Nuke fears rise in Himalayas
China, India face off across unclear border at altitude
Rival border patrols will run into each other and force the issue.
IN THE sub-zero cold of the Himalayas, things are heating up.
Since mid-last month, Chinese and Indian soldiers have lined up “eyeball to eyeball” on the remote Doklam plateau and in recent days more troops have been sent there.
Commentators in China have warned, “there could be a chance of war”.
That’s not a good prospect given India is thought to have more than 100 nucleartipped missiles and China’s warheads may top 250.
The flashpoint between the two seems mundane – the building of a new road on the Chinese controlled, but disputed, plateau. But the last time the two went to war, half a century ago, it was also over a road.
There is now a “stalemate” in the confrontation.
The current anger kicked off in an area near the “chicken neck” – a thin stretch of land that is the only direct link to India’s isolated north-east.
In early June, China started building a new road leading to the Doklam plateau, a disputed area it administers, at the so-called “tri junction” where its frontier meets India and the tiny kingdom of Bhutan.

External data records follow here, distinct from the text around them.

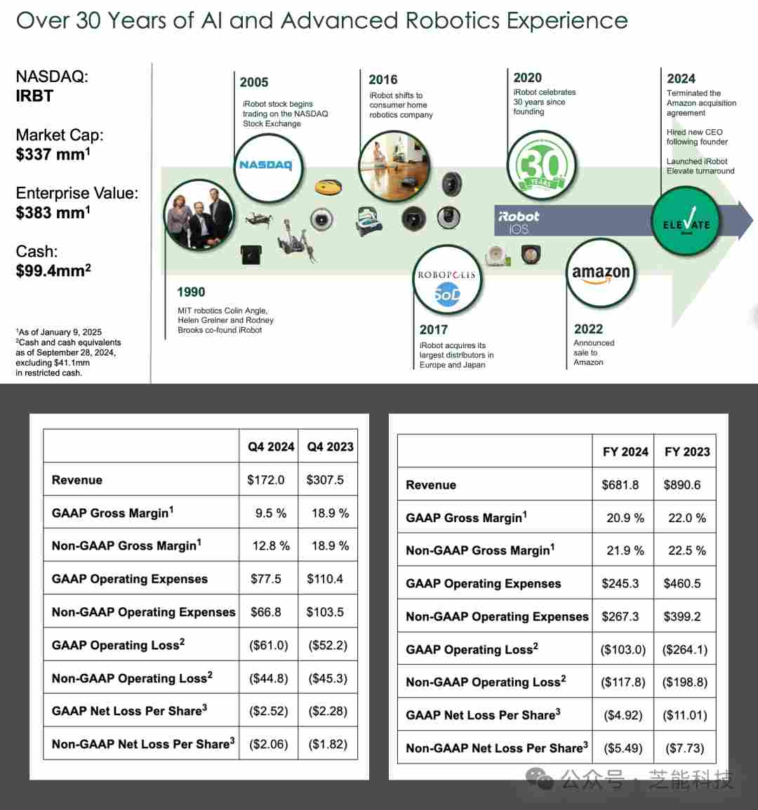 此前,2022年亚马逊拟以17亿美元收购iRobot的计划因欧盟反垄断审查未获通过而告吹。联合创始人兼CEO科林·安格尔辞职,新任CEO盖瑞·科恩提出“iRobot Elevate”五点转型战略,强调降低成本、提升毛利率和优化现金流。
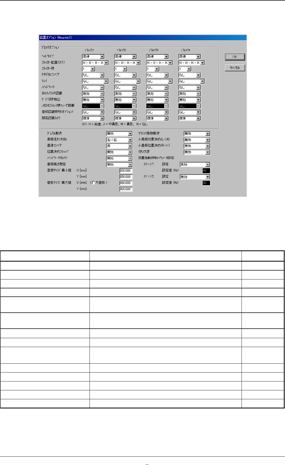 Tg0984-ID-OP 2-27-1 3.3新しい装置の登録 TableB8-2 項 目 説 明 標準値 基板サイズ 最小値 X パターンプログラムチェック時の最小基板サイズ Y を 設定します。 50.000 基板サイズ 最小値 Y パターンプログラムチェック時の最大基板サイズ X を 設定します。 460.000 基板サイズ 最大値 X パターンプログラムチェック時の最大基板サイズ Y を 設定します。 460.000 基板サ…
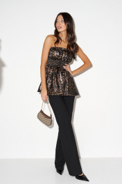 Блузка на вергерке выполнена из струящейся ткани в принт леопард. Характеристики: открытые плечи, верх на резинке, по талии венгерка, низ свободного кроя. Длина изделия по спинке 50 см.
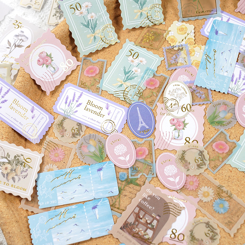 レトロなホットスタンプハンドブックステッカーパックダイカット花イラスト diy 子供の手作り装飾材料シールステッカー
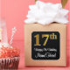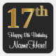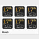 This elegant, stylish, and luxurious birthday square sticker design features a large ordinal number “17th” having a faux/imitation gold-like look, in addition to the birthday greeting message “Happy 17th Birthday,” and an editable name in a script-style font. The background is coloured black. Sophisticated birthday-themed stickers like this might be used when giving a gift or present in celebration of somebody’s seventeenth birthday, or perhaps might be given out to the guests at a birthday celebration or party. [~Z0000517]
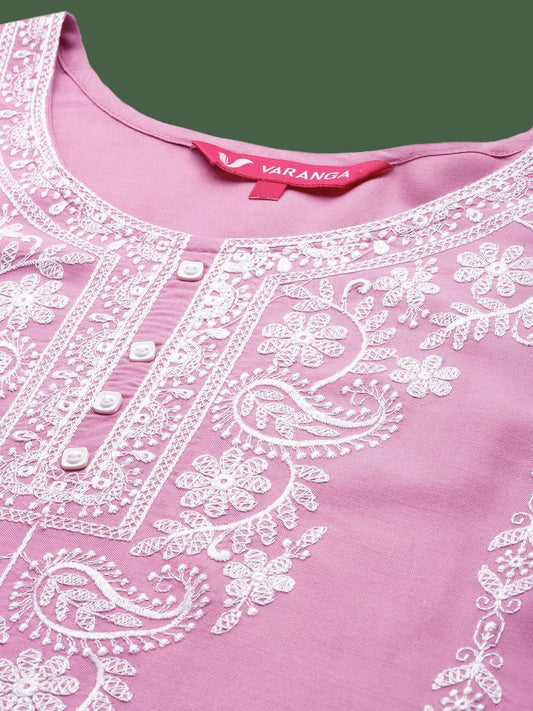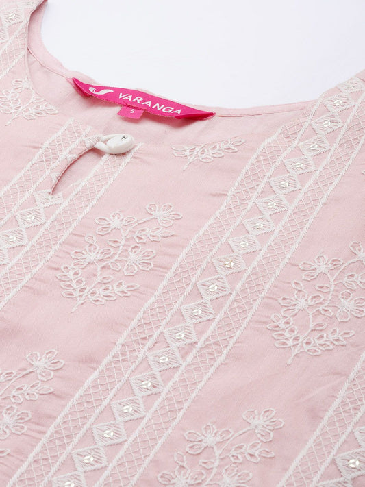 Dhiyona VA Women's Peach-Coloured Floral Embroidered Chikankari Chanderi Cotton Kurta Set
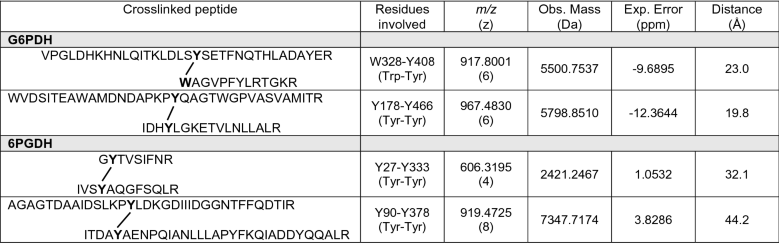 1. Observed mass-to-charge ratio (m/z) values, with errors in parts per million, are indicated. The sequence of the crosslinked peptides (with the amino acids involved in the crosslinks highlighted in bold) are indicated. The observed mass of the crosslinks is also included. The distance from aromatic ring to aromatic ring in the crosslinked peptides was estimated from the 3D structure of G6PD (alphafold structure: P0AC53) and 6PGD (PDB: 3FWN). The crosslinks listed were found in all the replicates subjected to oxidation, and not in any of the controls.
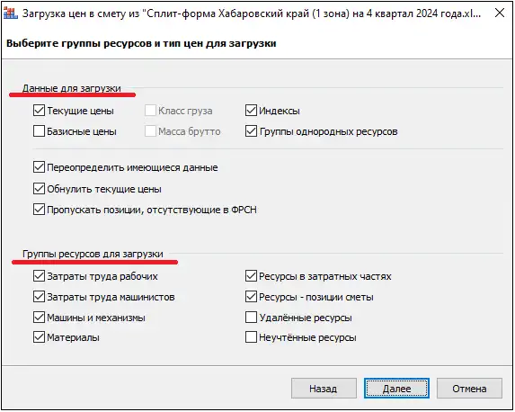- В группе опций Данные для загрузки включите опции: Текущие цены, Индексы, Группы однородных ресурсов. Также включите опции Переопределить имеющиеся данные, Обнулить текущие цены и Пропускать позиции, отсутствующие в ФРСН.

Bhutan has only a small army and relies on India for military support.
China accuses Indian troops stationed in Bhutan of crossing the frontier to prevent construction.

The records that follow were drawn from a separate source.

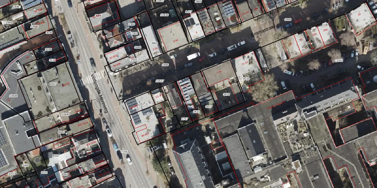 Het perceel waarop Emmastraat 3-b staat heeft een oppervlakte van 178 m². Dit is een middelgroot perceel. De perceeloppervlakte wordt geregistreerd door het Kadaster. Gedetailleerde informatie over de maten van dit perceel kunt u vinden in het rapport Kadastrale kaart met maatvoering van Emmastraat 3-b.
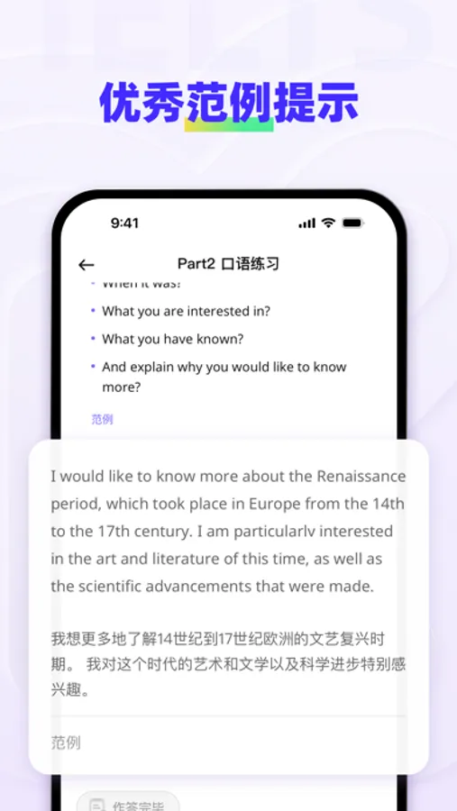 在遇到卡顿或者表达不准确的情况时,我们的示例问答功能将会是你的强大助手。只需轻轻一点,应用将会根据你的语音输入,提供标准、地道的示例表达,引导你找到完美的答案。
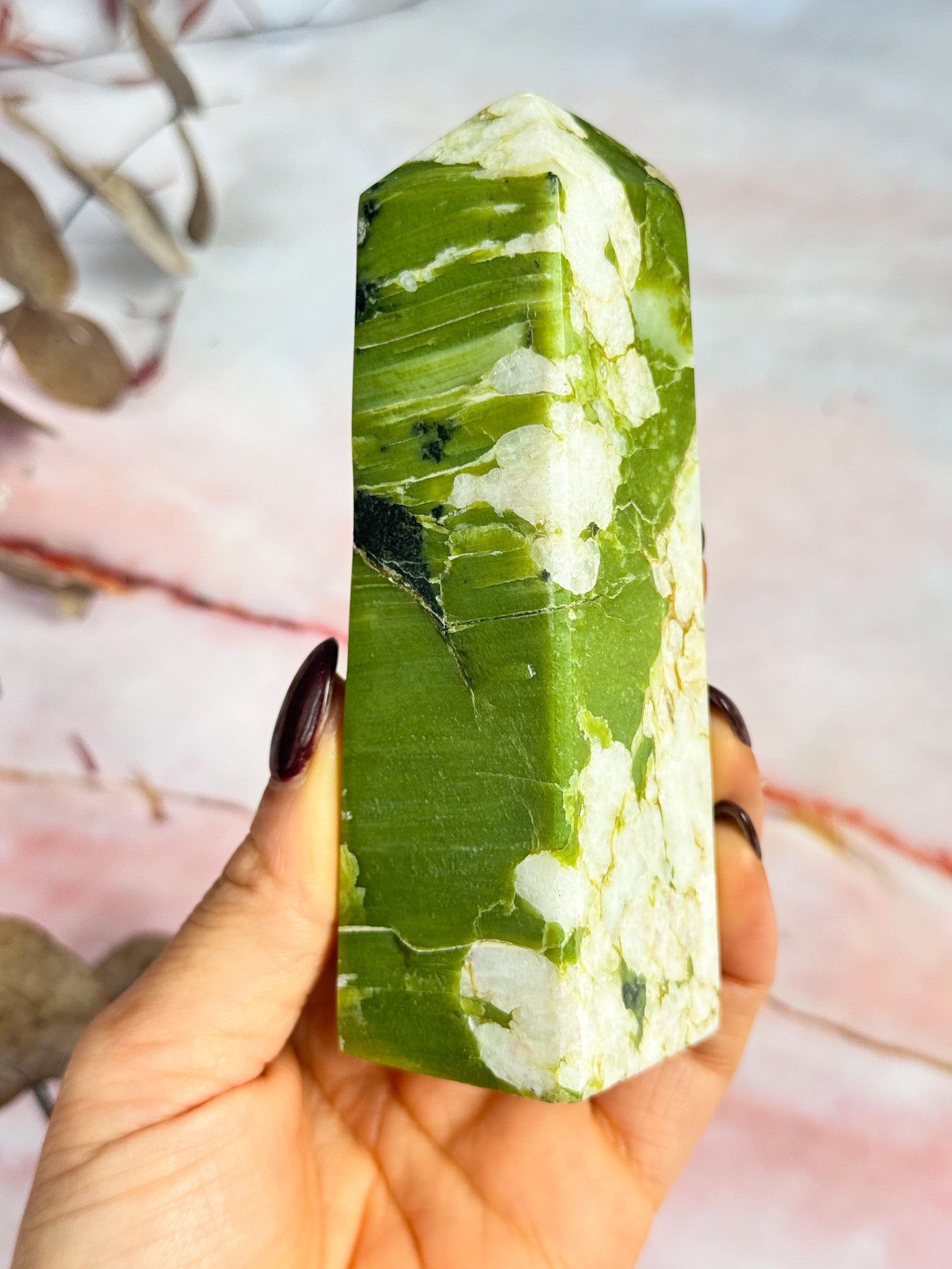 Rise and shine with this captivating deep green tremolite tower from Pakistan! This rare mineral beauty showcases nature's artistry with its striking colour and natural formations. Perfect for crystal collectors, meditation spaces, or anyone drawn to Earth's geological treasures. Each tower is a one-of-a-kind piece that brings grounding energy and visual intrigue to your collection. Let this stunning specimen remind you that some of nature's greatest wonders come in the smallest packages.
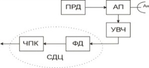 УВЧ-усилитель высоких частот; АП-антенный переключатель; ФД-фазовый детектор;ЧПК-через периодный компенсатор

On Monday, China’s state news agency, Xinhua, said the Indian military’s “trespass into Chinese territory” was a “blatant infringement on China’s sovereignty”.

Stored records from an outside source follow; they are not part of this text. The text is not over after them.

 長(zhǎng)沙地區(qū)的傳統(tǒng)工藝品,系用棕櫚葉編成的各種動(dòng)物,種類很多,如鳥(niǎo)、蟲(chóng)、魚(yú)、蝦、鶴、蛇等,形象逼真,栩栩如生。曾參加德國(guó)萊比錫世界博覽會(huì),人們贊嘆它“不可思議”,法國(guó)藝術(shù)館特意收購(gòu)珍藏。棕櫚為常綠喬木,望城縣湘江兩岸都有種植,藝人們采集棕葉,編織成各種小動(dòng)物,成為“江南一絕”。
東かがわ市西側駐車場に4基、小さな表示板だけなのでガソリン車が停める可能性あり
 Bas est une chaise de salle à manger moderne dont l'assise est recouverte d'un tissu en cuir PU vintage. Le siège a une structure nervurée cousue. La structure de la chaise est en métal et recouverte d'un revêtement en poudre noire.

However, Bhutan says it is the rightful owner of the plateau.
The real battle of wills is between China and India, who cite different treaties to back up their various claims to land along the frontier.
India claims 250,000sq km of Chinese controlled land and China says 550,000sq km of Indian administered land should belong to them.
“The failure to demarcate the China-India border has led to overlapping perceptions of where the so-called Line of Actual Control lies, guaranteeing rival border patrols will run into each other and force the issue,” Tsering Topgyal, an international relations expert wrote in The Conversation in 2014.
On Tuesday, the Times of India said about 400 troops were “eyeball to eyeball” with China in a “nonaggressive confrontation”, but thousands more soldiers from each side were nearby.
The Indian External Affairs Ministry has justified its build-up, saying a 2012 agreement meant the frontier at the tri junction would be finalised between the three countries.
India sees the road as China asserting sovereignty.
India, which calls Bhutan an “ally’, says it has intervened on its neighbour’s behalf.
Beijing has been widening its influence across the Indian subcontinent, funding big port projects in Pakistan, Bangladesh and Sri Lanka.
“That means India is in some ways going to be surrounded by Chinese infrastructure projects,” Abhijit Singh of the Observer Research Foundation told the ABC. “The fear is these Chinese ports could later be used for maritime and naval deployments.”